Senate Democrats seek probe into World Liberty Financial sanctions controls
As Congress weighs crypto market structure legislation, two senior Senate Democrats are urging federal agencies to investigate World Liberty Financial over apparent compliance failures tied to sanctioned individuals. The request follows fresh scrutiny of the Trump family-backed crypto company and sets a May 26, 2026 deadline for written responses on possible enforcement considerations.
Highlights
- Senators Elizabeth Warren and Jack Reed requested Treasury and Justice Department investigations into World Liberty Financial’s (WLF) sanctions compliance following recent journalism.
- The senators cited October 2025 U.S. sanctions on WLF’s crypto partner's leaders for connections to the Prince Group, a transnational criminal enterprise.
- Warren and Reed criticized WLF for inadequate vetting and repeated failures in counter-illicit finance controls as it seeks global financial platform access.
Lawmakers press for Treasury and Justice review
As reported by the Senate Committee on Banking, Housing, and Urban Affairs, U.S. Senators Elizabeth Warren, the ranking member of the Senate Banking, Housing, and Urban Affairs Committee, and Jack Reed, the ranking member of the Senate Committee on Armed Services, wrote to Treasury Secretary Scott Bessent and Acting Attorney General Todd Blanche seeking an investigation into World Liberty Financial, or WLF.The lawmakers say the request follows Wall Street Journal reporting that WLF partnered with a crypto venture whose flagship project had been led by individuals sanctioned by the U.S. in October 2025 for ties to the Prince Group, which the senators describe as a major transnational criminal enterprise.
In their letter, Warren and Reed say the reporting raises new questions about whether WLF maintains meaningful sanctions and counter-illicit finance controls. They argue that the company's apparent lack of awareness calls into question how it vets partners, counterparties and users conducting financial activity through its platform.
The senators also say WLF falls short of the standards expected of a financial institution, particularly as it seeks broader access across established financial services platforms globally. They add that the company has repeatedly failed to maintain safeguards needed to prevent illicit actors from exploiting its operations.
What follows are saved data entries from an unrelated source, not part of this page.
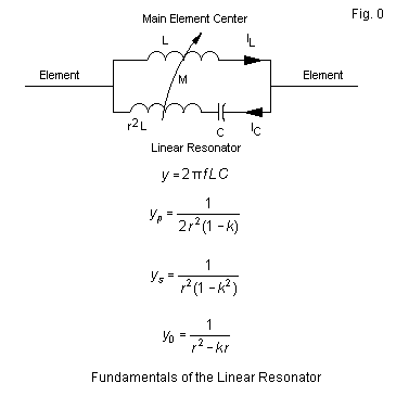 The equations are nearly but not quite self-explanatory. L and C, of course, are the values of inductance (of the wire length within the confines of the linear resonator) and of capacitance. The term r is the "turns-ratio" of the main or lower frequency element and the added linear resonator elements when treated as lumped components. Note that the diagram uses the term M to represent the mutual coupling between the main element and the linear resonator element. In contrast, the equations make use of a mathematically related concept, k, the coefficient of coupling. If we know the effective turns-ratio between the two wires, we can solve for r. Where we use the same diameter conductors for the element and the linear resonator, we end up with a 1:1 ratio for r, but that condition is rare in practice.
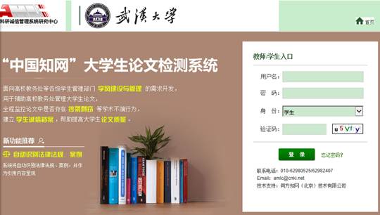 1、登陆“中国知网”大学生论文检测系统//whu.check.cnki.net/(请保存此链接,一定要点击这个链接!),点击学生入口。显示如下页面,输入用户名和密码,学生登陆用户名和密码均是本人学号。身份选择学生,登陆验证码不分大小写。
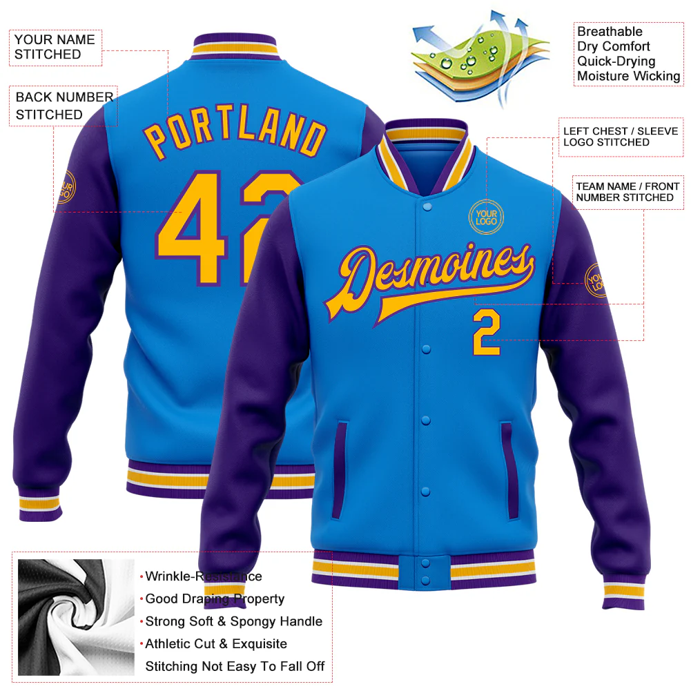 Custom Powder Blue Gold-Purple Bomber Full-Snap Varsity Letterman Two Tone Jacket
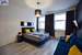 Na podłodze panele, główna ściana w salonie wyłożona dekoracyjną tapetą, pozostałe malowane. W kuchni, przedpokoje i łazience terakota.
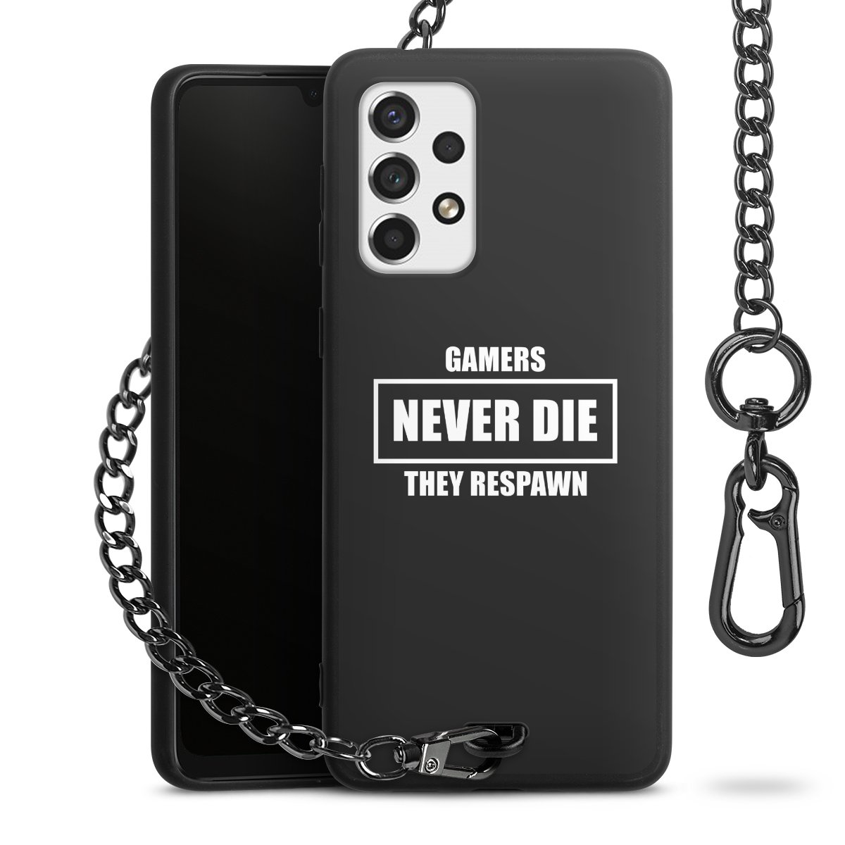 - Mattschwarze Handyhülle mit Metallkette
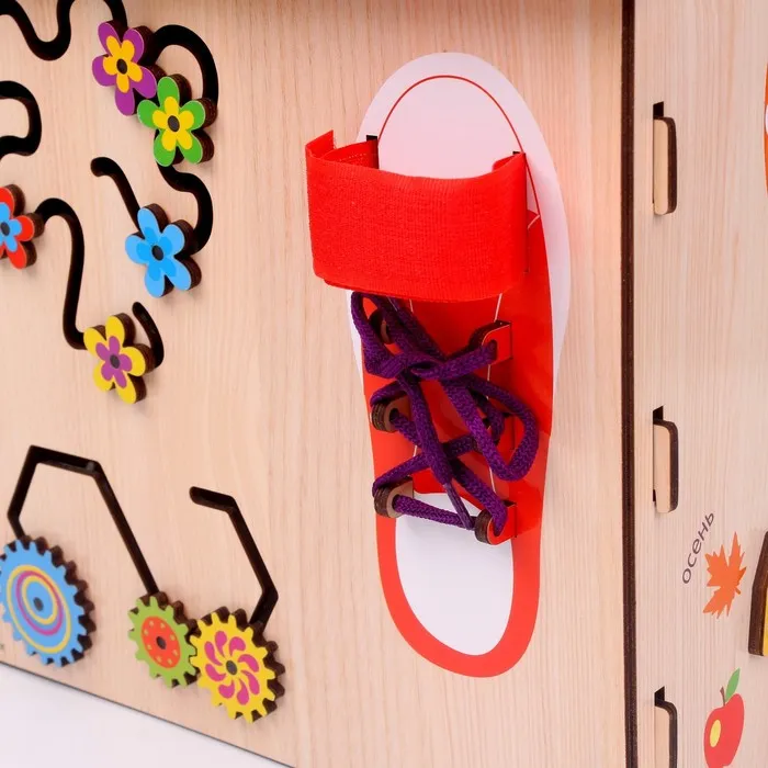 - Бизиборд можно использовать как самостоятельно, так и в сочетании с другими развивающими игрушками.
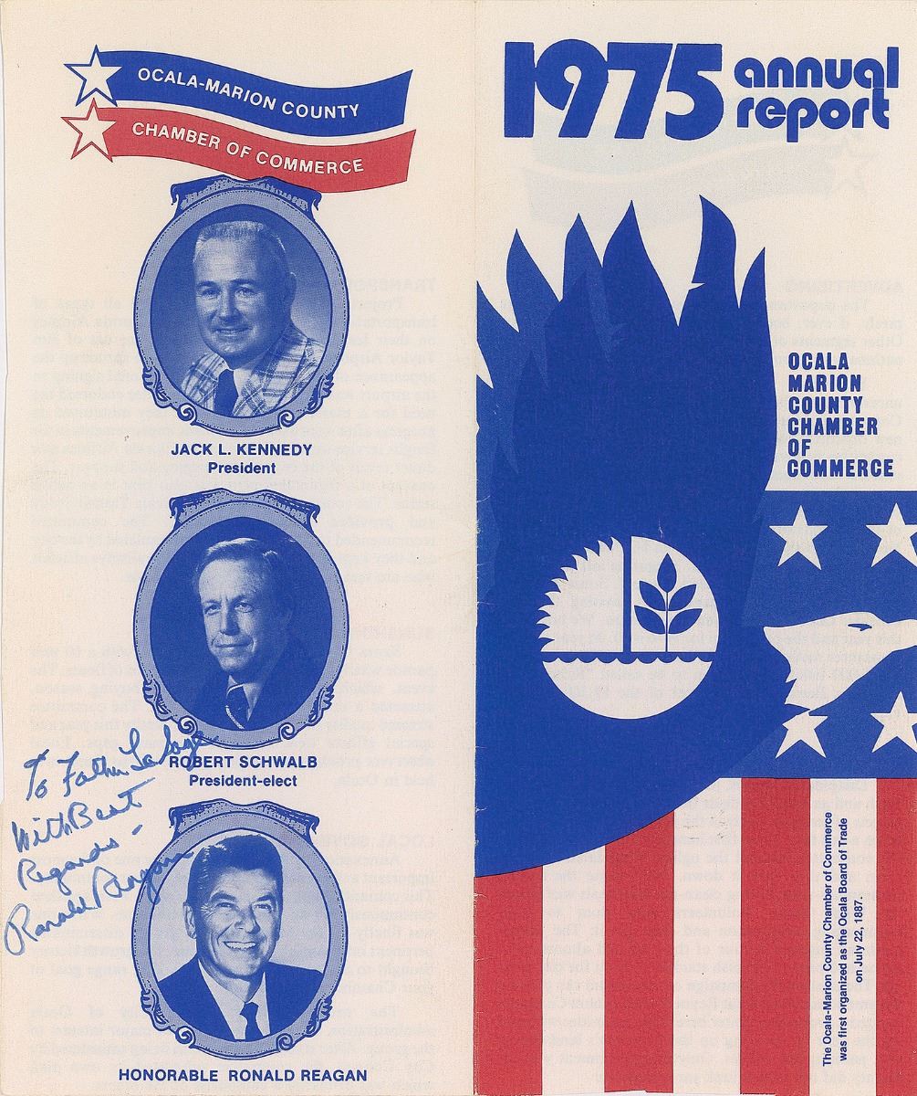 Pamphlet for the 1975 Annual Report of the Ocala Marion County Chamber of Commerce, measuring 7.5 x 9 open, signed and inscribed next to his image in black felt tip, “To Father La Sage, With Best Regards—Ronald Reagan.” In fine condition, with somewhat irregularly trimmed edges.

In our earlier coverage of Senator Elizabeth Warren’s push for stronger oversight of the private credit market, she warned that deregulation and limited regulatory action could increase vulnerabilities in the financial system. Warren urged Treasury Secretary Scott Bessent and SEC Chair Paul Atkins to examine private credit’s interconnected risks and argued that expanding 401(k) access to these products could expose household retirement savings to less transparent, more volatile assets.